Boyle, 37, has played 15 seasons in the NHL, posting 561 points in 954 games, and while he’s had success wherever he’s gone — Florida, Tampa Bay and San Jose — he’s never played in what many would consider a traditional hockey market. The opportunity to call one home — let alone one of the League’s oldest franchises — played a big role in his decision to come east to the Big Apple.
“I’ve played in Florida and California, two non-traditional hockey markets, so I wanted to — and those places were great — but I just wanted to experience something different,” Boyle said. “An Original Six team and New York was just where I wanted to go.”
Also contributing to Boyle’s decision to sign with the Rangers were several familiar faces, including long-time friend and fellow 2004 Stanley Cup champion Martin St. Louis.
“It was a big factor,” Boyle said of having the chance to be teammates with St. Louis again for the first time in six seasons. Boyle said the two spoke during the playoffs following the death of St. Louis’ mother in May. “Marty was definitely a big reason. Him and I have had very similar careers, and it’ll be a great opportunity to play with him here again.”
Neither Boyle or St. Louis were drafted into the NHL.
With the loss of both Brad Richards and Anton Stralman this season, the Rangers had two holes to fill: a right-handed defenseman to pair with Marc Staal, and someone who could run the power play. The responsibility of filling both now rests on the shoulders of Boyle, who said he’s ready for the challenge.

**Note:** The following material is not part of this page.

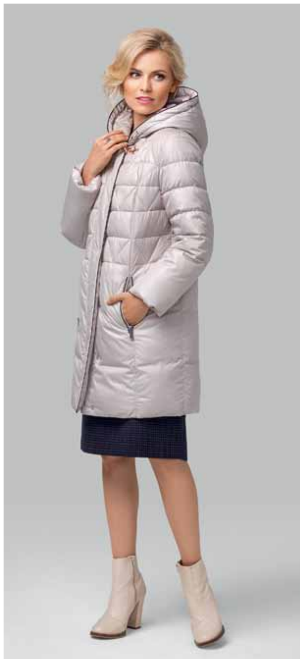
ПОЛУПАЛЬТО арт. LA-F03279

ЦВЕТ: принт "Акварельные цветы" - песочный

“I enjoy the pressure,” Boyle stated. “You have to be prepared for that. I’ve already been forewarned. I’ve been in pressure situations before in the Stanley Cup Final and the Olympic Gold Medal games, and I actually thrive on it.”
The Ottawa, Ont.-native has 66 power play goals to go along with 215 assists, making him the ideal man to quarterback the power play. Boyle has 70 points in 107 postseason games, and he had a goal and five assists for Team Canada in 2010, en route to a Gold Medal.
Boyle denounces the critics who feel age has caught up to him, especially last season. The veteran said he got off to a “rough” start following an early-season concussion, but said down the stretch “I was back to myself.”
Even at this point in his career, Boyle led the Sharks in ice time, averaging 21:16 per game. In New York, though, the Rangers posses minute-eating monsters in Ryan McDonagh (24:49/game) and Dan Girardi (23:07/game). Boyle said he must earn his ice time, and added the ultimate goal is winning hockey games, not seeing who skates the most.
“At the end of the day, I’m going to have to go out there and be the best I can be,” Boyle said. “It’ll be a competition I guess sort of, but at the end of the day, we want to win hockey games.”